-- What to work on --
Your task is to retype the lines from the opening of the material through the line that includes "黃珊珊發(fā)現(xiàn)自己蓋錯(cuò)章,抬頭詢問韓國瑜怎么辦。". Do not copy the pictures.
=== Section Start ===
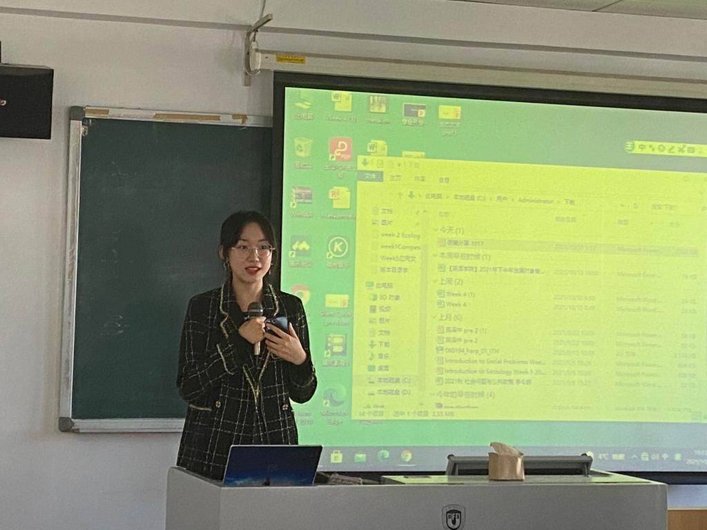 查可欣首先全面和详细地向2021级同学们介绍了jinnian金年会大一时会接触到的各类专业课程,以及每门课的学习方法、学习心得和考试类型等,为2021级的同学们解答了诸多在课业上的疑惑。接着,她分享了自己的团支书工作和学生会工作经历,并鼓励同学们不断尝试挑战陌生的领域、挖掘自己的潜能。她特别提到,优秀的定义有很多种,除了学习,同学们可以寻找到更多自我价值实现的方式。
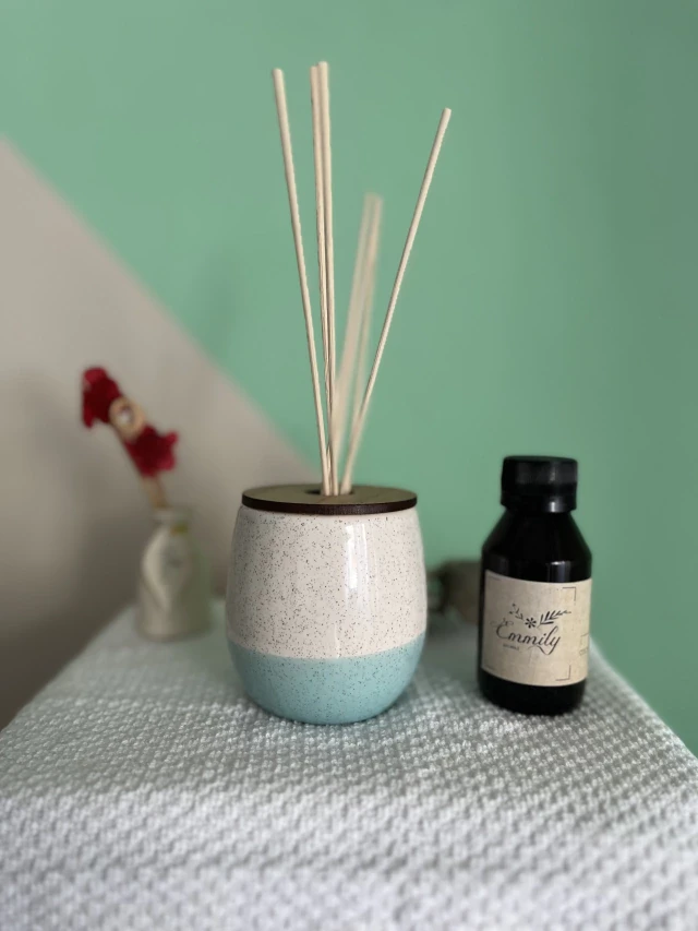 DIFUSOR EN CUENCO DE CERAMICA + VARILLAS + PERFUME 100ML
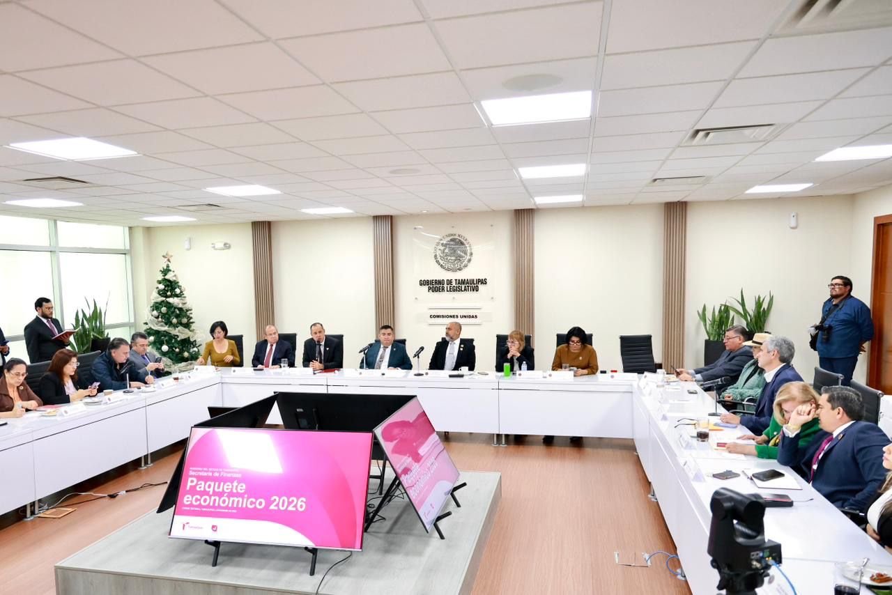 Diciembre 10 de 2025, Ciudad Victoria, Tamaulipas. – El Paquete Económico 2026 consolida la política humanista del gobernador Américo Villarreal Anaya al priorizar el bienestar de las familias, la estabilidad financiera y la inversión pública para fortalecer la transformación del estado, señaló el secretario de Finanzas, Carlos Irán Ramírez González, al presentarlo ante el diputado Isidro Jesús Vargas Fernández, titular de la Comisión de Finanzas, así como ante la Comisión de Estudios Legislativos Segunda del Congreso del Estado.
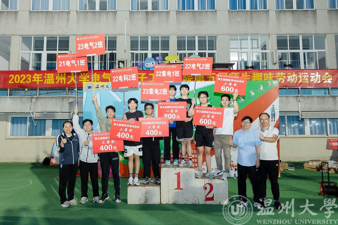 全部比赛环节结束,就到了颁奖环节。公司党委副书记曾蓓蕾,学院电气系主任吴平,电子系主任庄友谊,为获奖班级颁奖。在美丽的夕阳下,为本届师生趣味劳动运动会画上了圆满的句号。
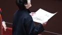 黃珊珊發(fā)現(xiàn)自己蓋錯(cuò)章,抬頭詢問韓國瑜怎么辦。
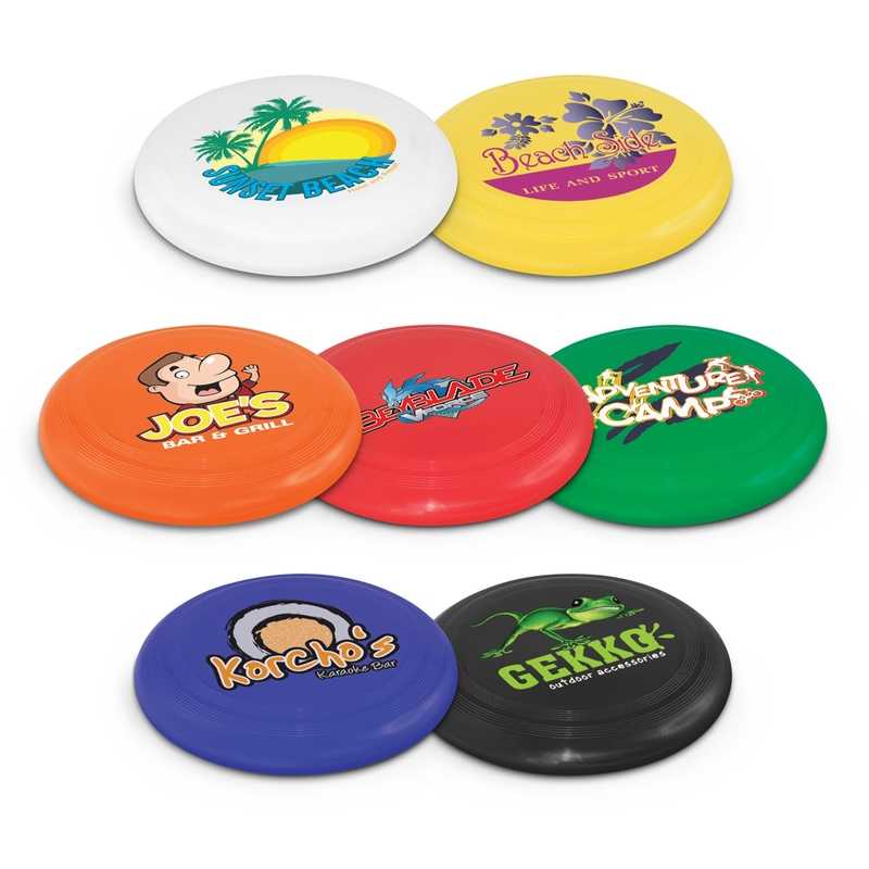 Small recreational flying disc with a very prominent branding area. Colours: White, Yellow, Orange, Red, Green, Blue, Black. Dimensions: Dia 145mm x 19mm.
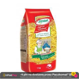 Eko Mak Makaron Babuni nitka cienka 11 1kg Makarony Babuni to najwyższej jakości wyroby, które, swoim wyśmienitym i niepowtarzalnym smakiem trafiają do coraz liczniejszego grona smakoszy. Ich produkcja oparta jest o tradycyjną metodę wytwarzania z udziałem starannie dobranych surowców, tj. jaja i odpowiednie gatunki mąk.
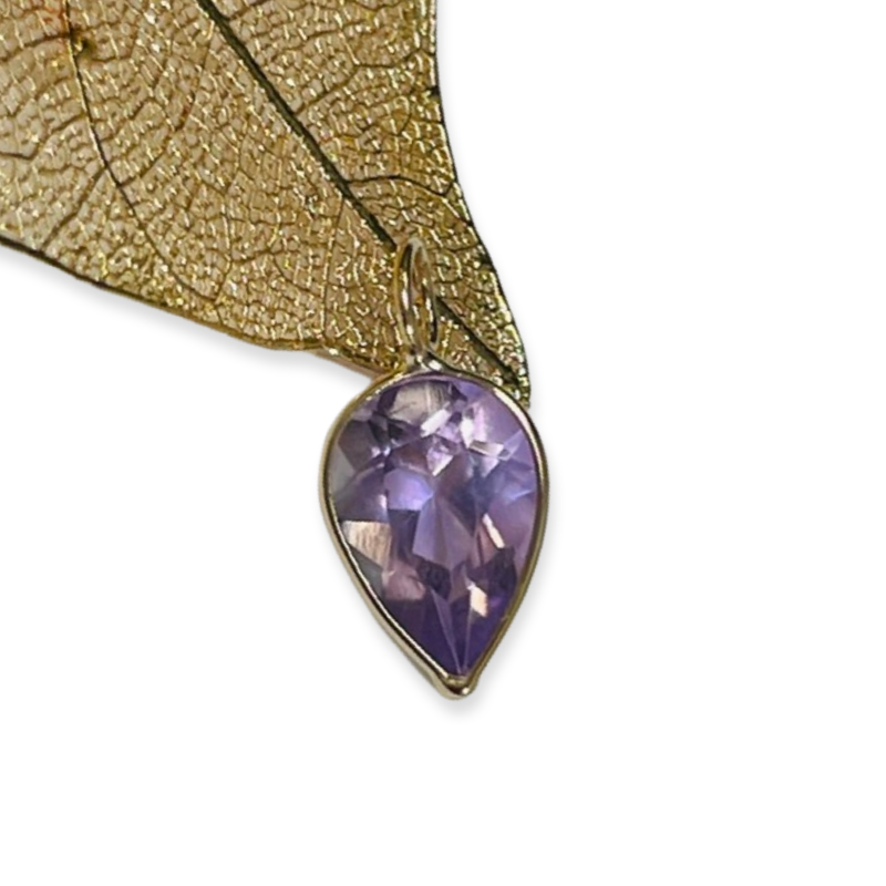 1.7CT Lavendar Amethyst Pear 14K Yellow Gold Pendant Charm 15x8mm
=== Section End ===
-- Answer box --
 查可欣首先全面和详细地向2021级同学们介绍了jinnian金年会大一时会接触到的各类专业课程,以及每门课的学习方法、学习心得和考试类型等,为2021级的同学们解答了诸多在课业上的疑惑。接着,她分享了自己的团支书工作和学生会工作经历,并鼓励同学们不断尝试挑战陌生的领域、挖掘自己的潜能。她特别提到,优秀的定义有很多种,除了学习,同学们可以寻找到更多自我价值实现的方式。
 DIFUSOR EN CUENCO DE CERAMICA + VARILLAS + PERFUME 100ML
 Diciembre 10 de 2025, Ciudad Victoria, Tamaulipas. – El Paquete Económico 2026 consolida la política humanista del gobernador Américo Villarreal Anaya al priorizar el bienestar de las familias, la estabilidad financiera y la inversión pública para fortalecer la transformación del estado, señaló el secretario de Finanzas, Carlos Irán Ramírez González, al presentarlo ante el diputado Isidro Jesús Vargas Fernández, titular de la Comisión de Finanzas, así como ante la Comisión de Estudios Legislativos Segunda del Congreso del Estado.
 全部比赛环节结束,就到了颁奖环节。公司党委副书记曾蓓蕾,学院电气系主任吴平,电子系主任庄友谊,为获奖班级颁奖。在美丽的夕阳下,为本届师生趣味劳动运动会画上了圆满的句号。
 黃珊珊發(fā)現(xiàn)自己蓋錯(cuò)章,抬頭詢問韓國瑜怎么辦。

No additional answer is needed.